== Records shown ==
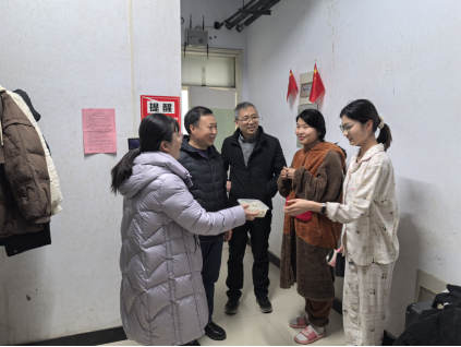 随后刘晓和班子成员带着刚出锅的饺子,深入员工宿舍,将冬至的祝福和深深的关怀送到每一位同学的心间。他们与员工亲切交流,询问学习进展、生活状况及实际需求,并鼓励大家在即将到来的期末考试中奋力拼搏,争取优异成绩。
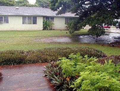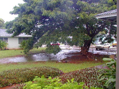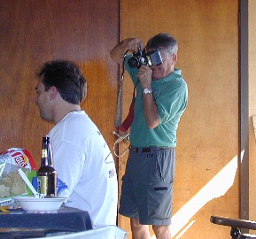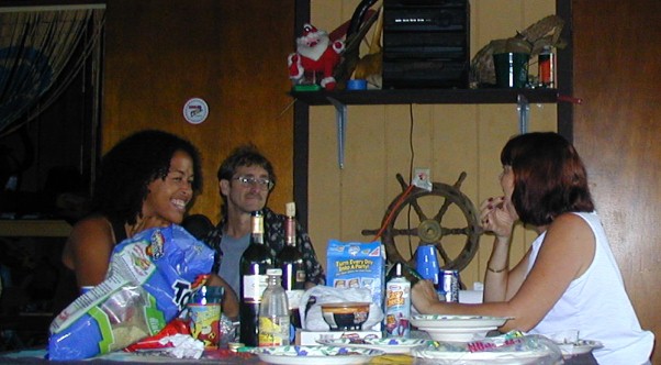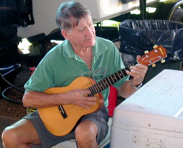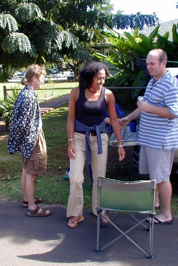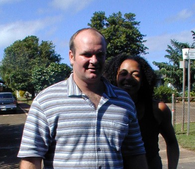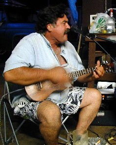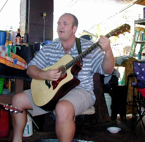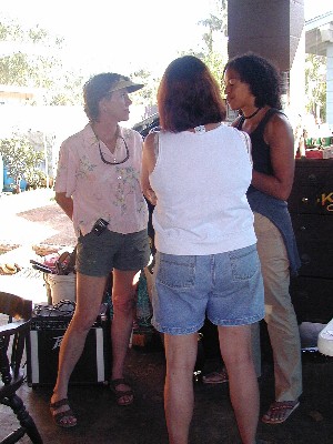On the 2nd, Dr. Rick, the new Orthopedic Surgeon at KVMH (Kauai Veterns Memorial Hospital) in Waimea,and his lady, Janet, stopped by so they could follow Greg driving Steve and me toClifford's house for a garage party. He plays fine guitar and sings. He and Janet are from New York. They had been traveling in Australia and happened to stay at Doug's Rainbow Retreat in Nimbin, New South Wales. Doug showed them this website. Here's when I first met him (far down on the Artmail 119 page) at Tashi's Art Show (Janet hadn't arrived on Kaua'i, yet).
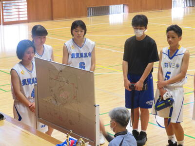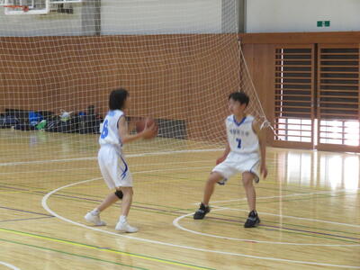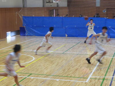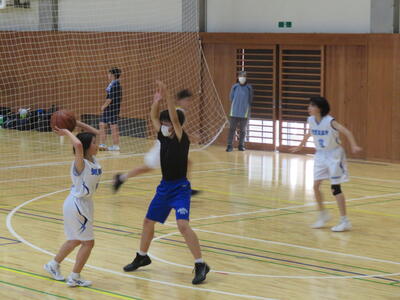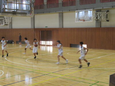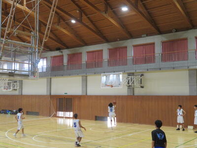 2022年5月28日 17時44分 バスケ部は、大東中との合同チームで支部大会に出場します。男子と一緒に練習しています。途中、コーチの指示を聞きながら、各自が入念に動きなどを確認していました。とにかくよく走ります。
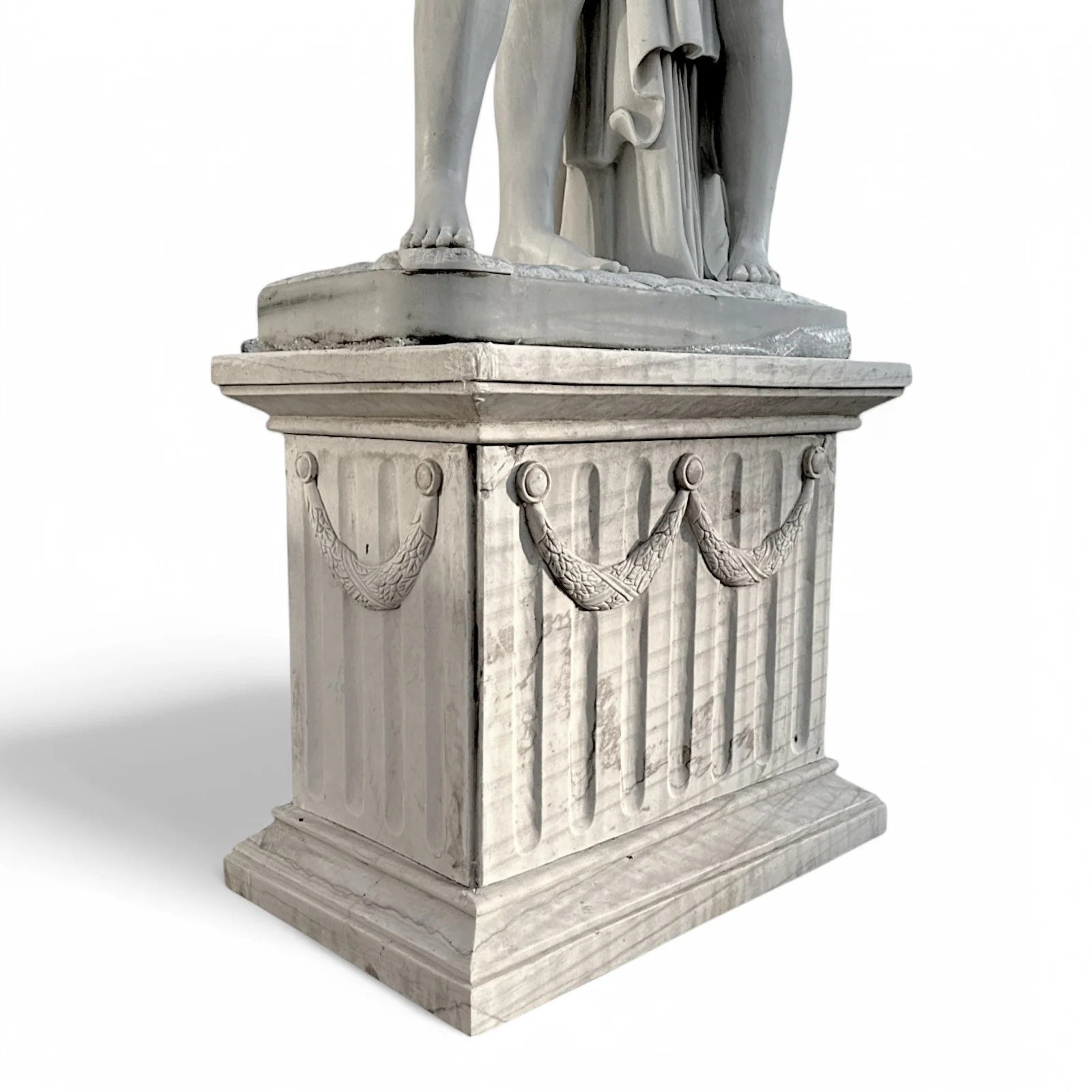 Carved capital made of natural marble that represents the perfect balance between art and contemporary design. The festoon detail adds movement and depth to the sculpture, creating a harmonious contrast with the purity of white Carrara marble. Ideal for elegant environments and for those who wish to embellish their home or professional space with an exclusive decorative element.
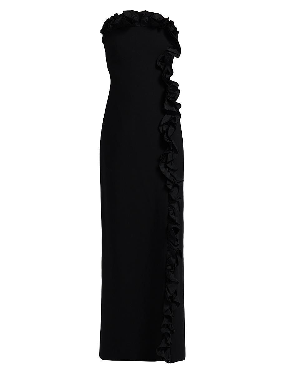 The Kassia gown from Cinq Sept is designed in a formfitting, strapless silhouette. An elegant ruffle cascades beautifully down the front, creating a striking visual effect on this floor-length piece. Strapless Concealed back zip closure 67% polyester/27% viscose/6% elastane Dry clean Imported SIZE & FIT About 56.5 from shoulder to hem Model Measurements: 510 tall Model is wearing a US size 4 ABOUT THE BRAND Inspired by the radiant, magical hours between 5 and 7 PM-which is what the labels
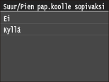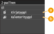 ![]() <2-puolinen>-toiminto ei ehkä ole käytettävissä joidenkin paperikokojen tai -tyyppien kanssa. Paperi
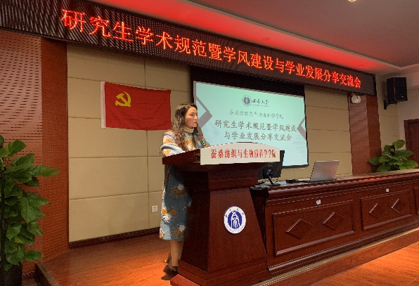 活动伊始,曾鸣鸣副书记介绍色情小说组织本次活动的背景和目的,并从活动主题切入,向同学们详细阐释了学术道德规范、学风建设以及学业发展的深刻内涵并提出要求和希望。曾书记强调学术道德规范是科研工作者必须坚守的底线和红线,通过典型案例警醒同学们一定要坚守学术道德,指出研究生同学是良好学风的营造者,也是受益者,希望同学们保持端正的学习态度,树立崇高的价值追求,将学术科研与国家战略紧密结合,敢于探索和实践,创新开展科学研究,将学术道德规范和优良学风践行到自己的每一个学习环节,脚踏实地,不负韶华,以梦为马,学有所成。
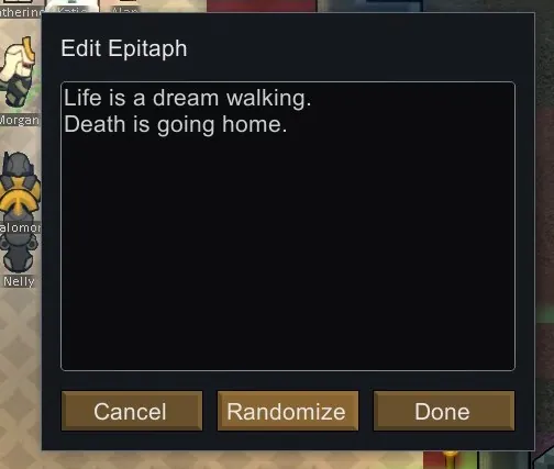 Add epitaphs to the game. When you buried your hero in a grave / sarcophagus, you’re able to choose or write an inscription to memorialize them.
===
Problem requirements: Make an exact copy of the whole listing, but don't bring over any pictures.

Task output:
 随后刘晓和班子成员带着刚出锅的饺子,深入员工宿舍,将冬至的祝福和深深的关怀送到每一位同学的心间。他们与员工亲切交流,询问学习进展、生活状况及实际需求,并鼓励大家在即将到来的期末考试中奋力拼搏,争取优异成绩。
On the 2nd, Dr. Rick, the new Orthopedic Surgeon at KVMH (Kauai Veterns Memorial Hospital) in Waimea,and his lady, Janet, stopped by so they could follow Greg driving Steve and me toClifford's house for a garage party. He plays fine guitar and sings. He and Janet are from New York. They had been traveling in Australia and happened to stay at Doug's Rainbow Retreat in Nimbin, New South Wales. Doug showed them this website. Here's when I first met him (far down on the Artmail 119 page) at Tashi's Art Show (Janet hadn't arrived on Kaua'i, yet).
 2022年5月28日 17時44分 バスケ部は、大東中との合同チームで支部大会に出場します。男子と一緒に練習しています。途中、コーチの指示を聞きながら、各自が入念に動きなどを確認していました。とにかくよく走ります。
 Carved capital made of natural marble that represents the perfect balance between art and contemporary design. The festoon detail adds movement and depth to the sculpture, creating a harmonious contrast with the purity of white Carrara marble. Ideal for elegant environments and for those who wish to embellish their home or professional space with an exclusive decorative element.
 The Kassia gown from Cinq Sept is designed in a formfitting, strapless silhouette. An elegant ruffle cascades beautifully down the front, creating a striking visual effect on this floor-length piece. Strapless Concealed back zip closure 67% polyester/27% viscose/6% elastane Dry clean Imported SIZE & FIT About 56.5 from shoulder to hem Model Measurements: 510 tall Model is wearing a US size 4 ABOUT THE BRAND Inspired by the radiant, magical hours between 5 and 7 PM-which is what the labels
 ![]() <2-puolinen>-toiminto ei ehkä ole käytettävissä joidenkin paperikokojen tai -tyyppien kanssa. Paperi
 活动伊始,曾鸣鸣副书记介绍色情小说组织本次活动的背景和目的,并从活动主题切入,向同学们详细阐释了学术道德规范、学风建设以及学业发展的深刻内涵并提出要求和希望。曾书记强调学术道德规范是科研工作者必须坚守的底线和红线,通过典型案例警醒同学们一定要坚守学术道德,指出研究生同学是良好学风的营造者,也是受益者,希望同学们保持端正的学习态度,树立崇高的价值追求,将学术科研与国家战略紧密结合,敢于探索和实践,创新开展科学研究,将学术道德规范和优良学风践行到自己的每一个学习环节,脚踏实地,不负韶华,以梦为马,学有所成。
 Add epitaphs to the game. When you buried your hero in a grave / sarcophagus, you’re able to choose or write an inscription to memorialize them.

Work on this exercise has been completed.